What you need to do
Please set down only the lines below starting with the line with "Создала основное начисление." and going on through the line with "Чёрно-белые рисунки для срисовки девушка", verbatim and without pictures.

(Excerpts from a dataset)
'''
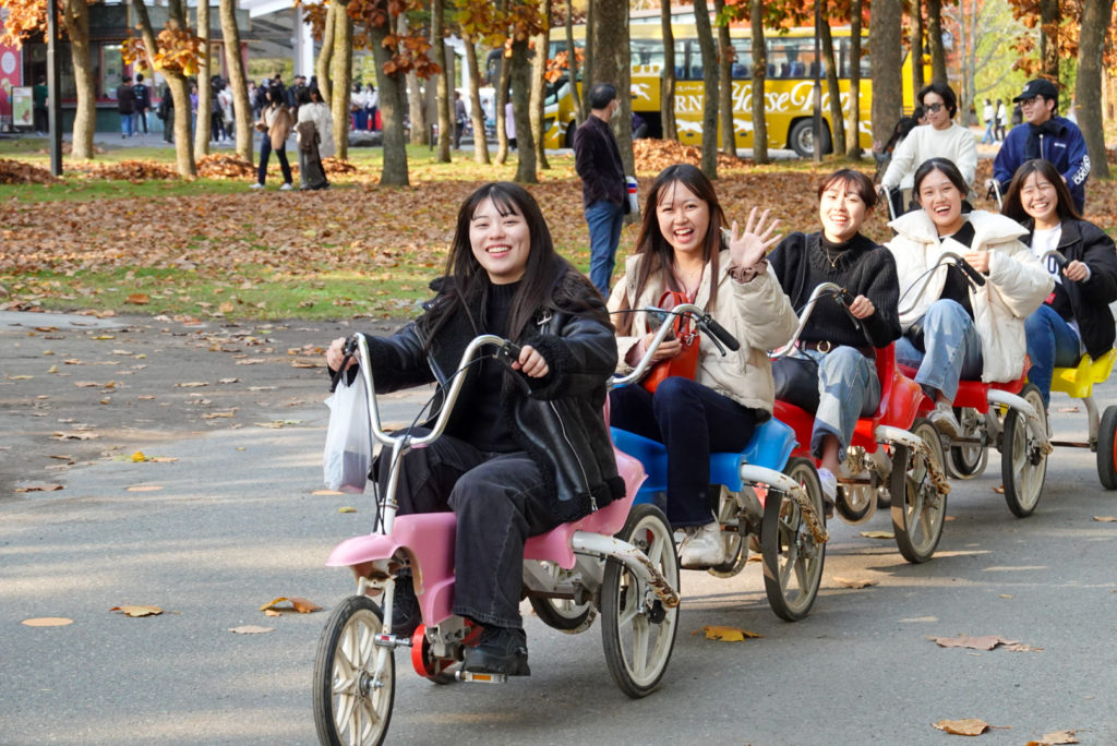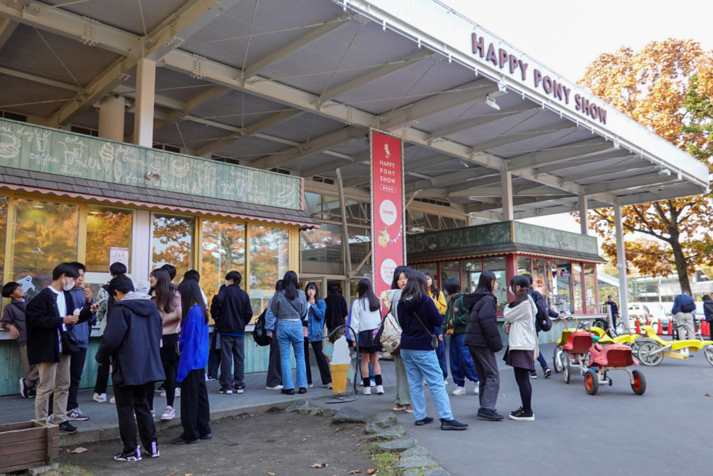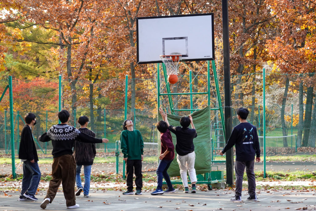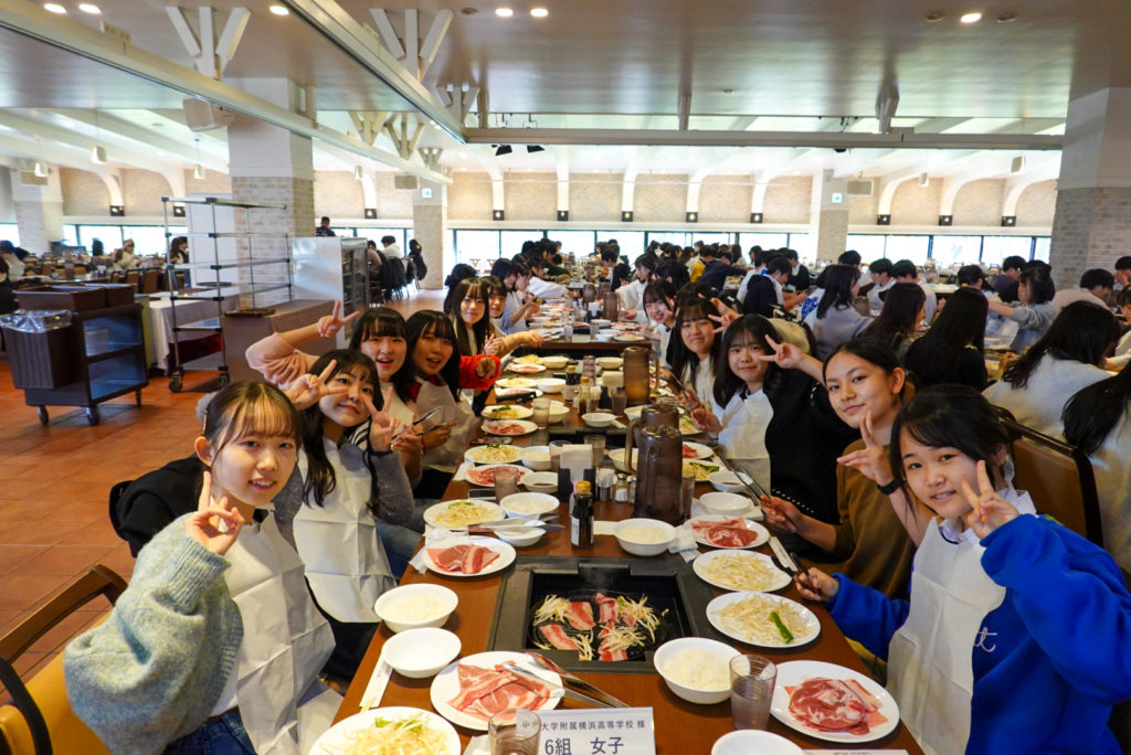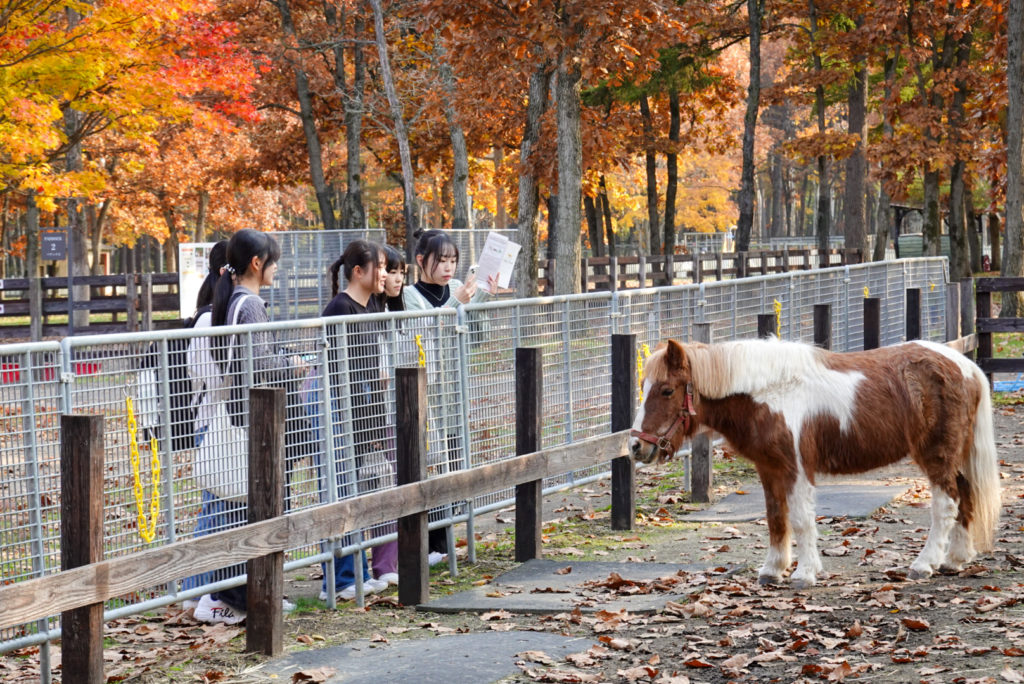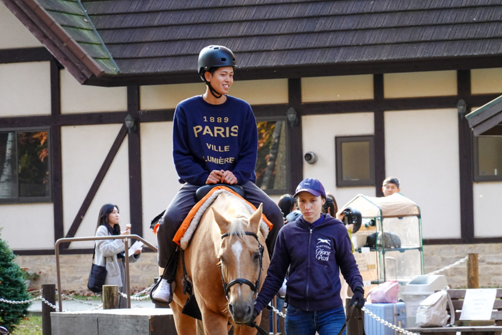 4泊5日の行程で、全体行動の多くは1団の5クラスと2団の4クラスに分かれて、時間差をつけて進めます。まずは新千歳空港の近くにあるノーザンホースパークに行き、そこで昼食のジンギスカンを堪能しました。食後はそのままノーザンホースパークで、馬との触れ合いや自転車での自然散策、スポーツなどを楽しみました。北海道の大自然の中で、普段味わうことのできないのびのびとした時間を友達と一緒に過ごすことができました。
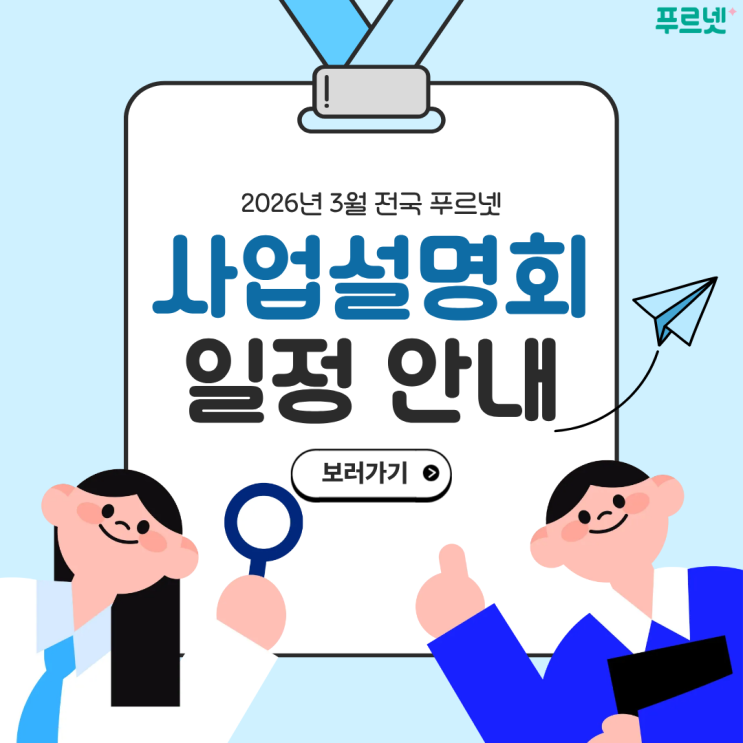 안녕하세요. 푸르넷입니다! “교육으로 미래를 바꿉니다” 21년 연속 학부모가 뽑은 교육브랜드 대상을 수상한 대한민국 대표 공부방 브랜드 <푸르넷>에서 교육으로 미래를 바꿀 예비 교육 전문가를 모집합니다! 2026년 3월 전국 푸르넷 사업설명회 일정을 확인해 보세요! 540만 명 이상의 회원이 푸르넷을 선택한 이유! 선생님들의 든든한 지원군 푸르넷 시스템! 시작부터 든든한 비교 불가 지원 혜택! 2026년 4월까지 신규/재계약 선생님들의 성공적인 정착을 위한 정착지원금 70만 원 지급! 푸르넷과 함께 미래를 바꿀 분야별 교육 전문가를 모집합니다! <모집 부문> 푸르넷은 누구에게나 열려있습니다! ✔️ 일과 육아를 병행하....... <img src="https://blogthumb.pstatic.net/MjAyNjAyMjZfOCAg/MDAxNzcyMDg0MDIwMjMx.nJ_dcnF36LWJqmQ9sU4ZNT0JFa3tHNGFQJTSK6oTwD0g.XZ7Y8MrGzo2YGTXVyEufcdObK2E4f1ttNLF7B6UiyCYg.PNG/1.png?type=s3" />
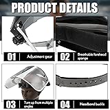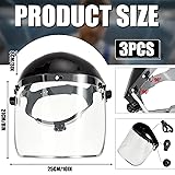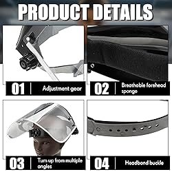 Package Quantity: get ready to experience enhanced safety with 3 pieces of work masks included in one package; For ease of transportation, the product requires installation and the PVC panels can be bent in an arc PET Material Construction: quality is an assurance with the anti fog protective full shield on your face; It is made primarily of PET material, this material can effectively protect the face Safe and Adjustable Design: the grinding face mask shield offers the advantage of adjusted fitting; Use the ratchet knob on the side of the shield to adjust the headband until it's snug and comfortable; Thanks to the design, your shield will stay in place Sweat Absorbent Feature: the inside of the forehead is equipped with a sweat absorbent sponge, which makes the face mask shield for grinding can be worn without stuffiness or tightness on the head while being lifted, and the aluminum wrapped face screen can be freely turned up and down 180°, making it convenient for observation during construction operations; This keeps you comfortable for a longer period, maintaining a dry, clean, and clear vision Wide Application: our full face mask shield is not restricted to a particular setting or activity, ideal for grinding, carpentry, DIY tasks, yard work, hedge trimming, car repairs, cutting metal and so on
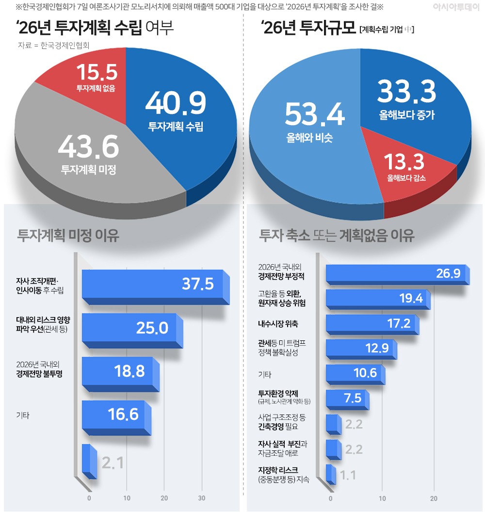 7일 한경협은 여론조사기관 모노리서치에 의뢰해 매출액 500대 기업을 대상으로 '2026년 투자계획'(110개사 응답)을 조사해 이같이 밝혔다. 한경협 조사 결과, 응답 기업의 59.1%는 내년도 투자계획을 아직 수립하지 못했거나(43.6%) 투자계획이 없다(15.5%)고 응답했다. 계획을 수립했다는 응답은 40.9%였다.
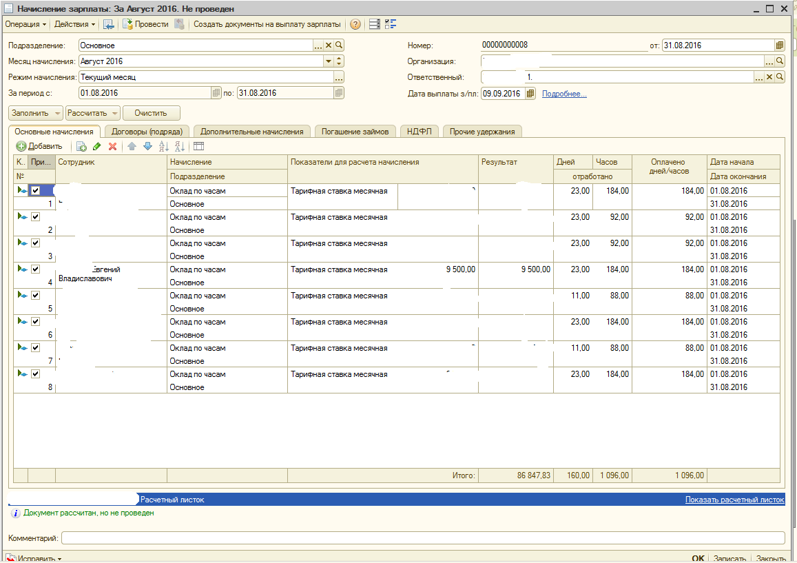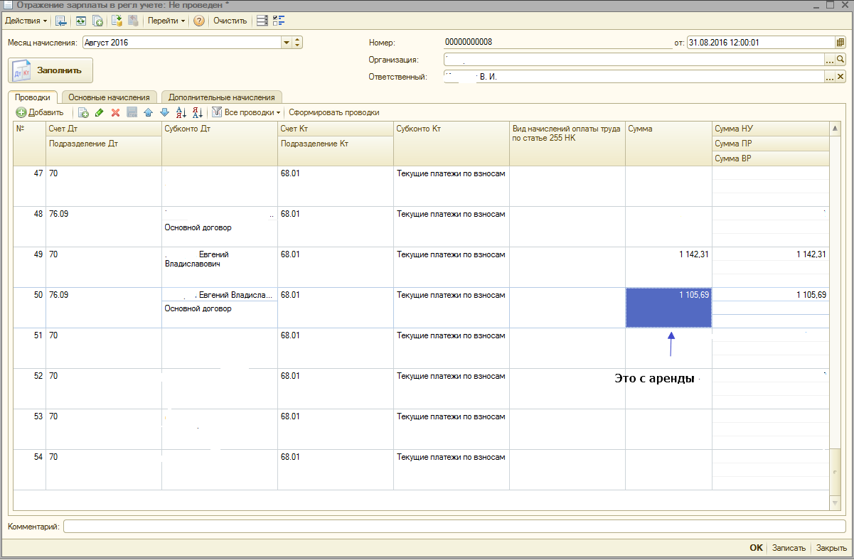 Создала основное начисление. Сделала плановое начисление для этого сотрудника. Всё равно не как надо выходит. Да что ж такое... вот где-то какая-то дурная дата...
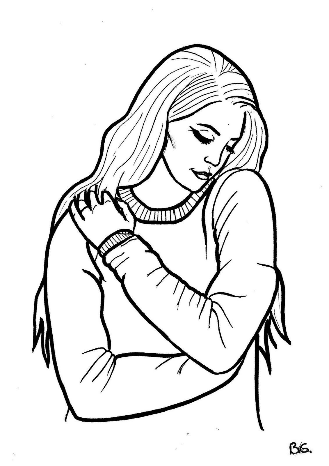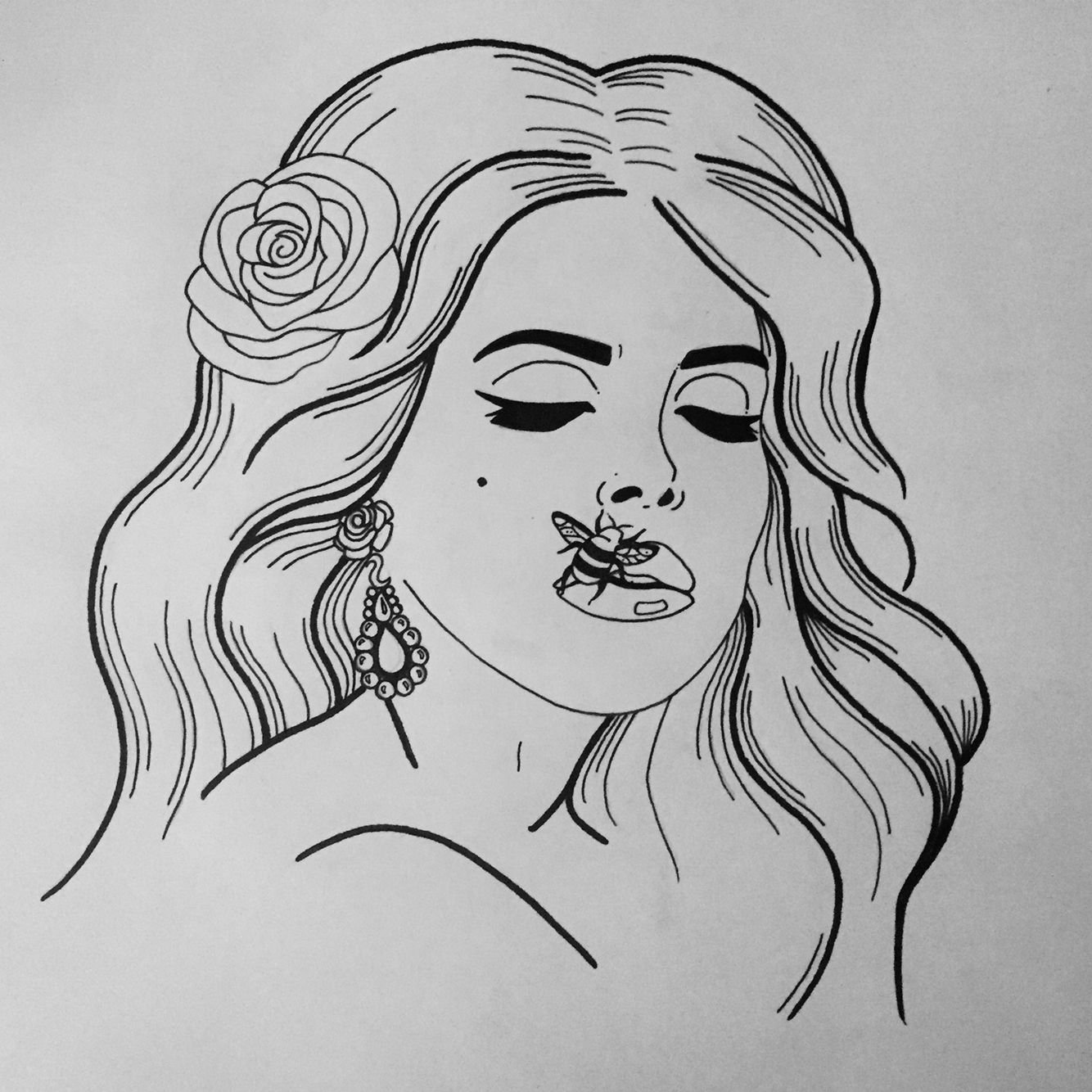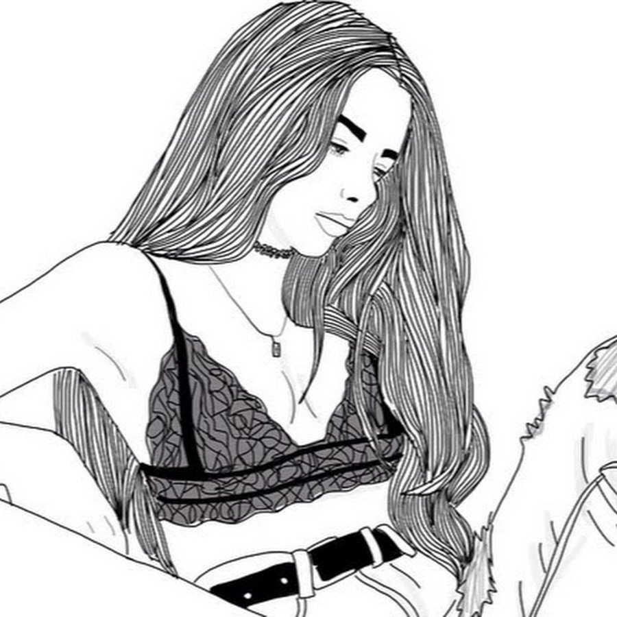 Чёрно-белые рисунки для срисовки девушка
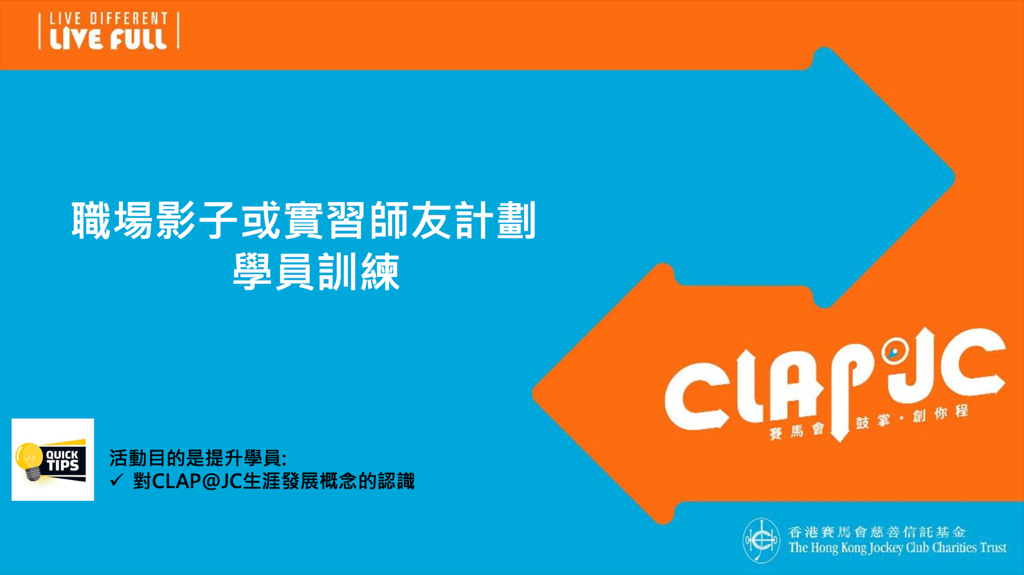 計劃邀請一眾工商企業創辦人、管理層等,成為年青人的友師,通過培訓提升友師對青年人文化的認識,了解青年價值願景,以及深化對CLAP@JC的生涯發展概念、框架及工具的認識。透過師友與青年的個別面見、工作坊及工作體驗,讓年青人可及早接觸工作世界,助他們更有系統地整理「延展工作」經驗,並進一步鼓勵各界持份者共同締造有利青年生涯發展的社區環境。
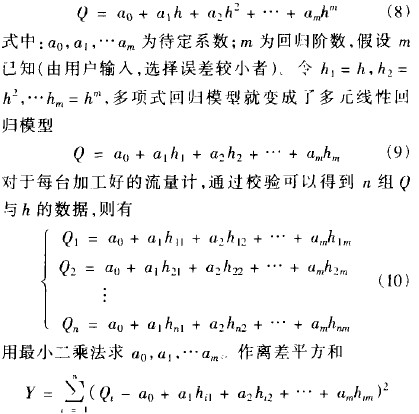 由于每臺流量計的錐管和浮子的加工誤差不可能一致,每臺金屬管轉子流量計的流量值p和浮子位移h的作線性關系也不可能一樣,所以在實際制造時流量計的凸輪都要逐臺校驗加工,設口與h的非線性回歸模型為
'''
Written answer
 Создала основное начисление. Сделала плановое начисление для этого сотрудника. Всё равно не как надо выходит. Да что ж такое... вот где-то какая-то дурная дата...
 Чёрно-белые рисунки для срисовки девушка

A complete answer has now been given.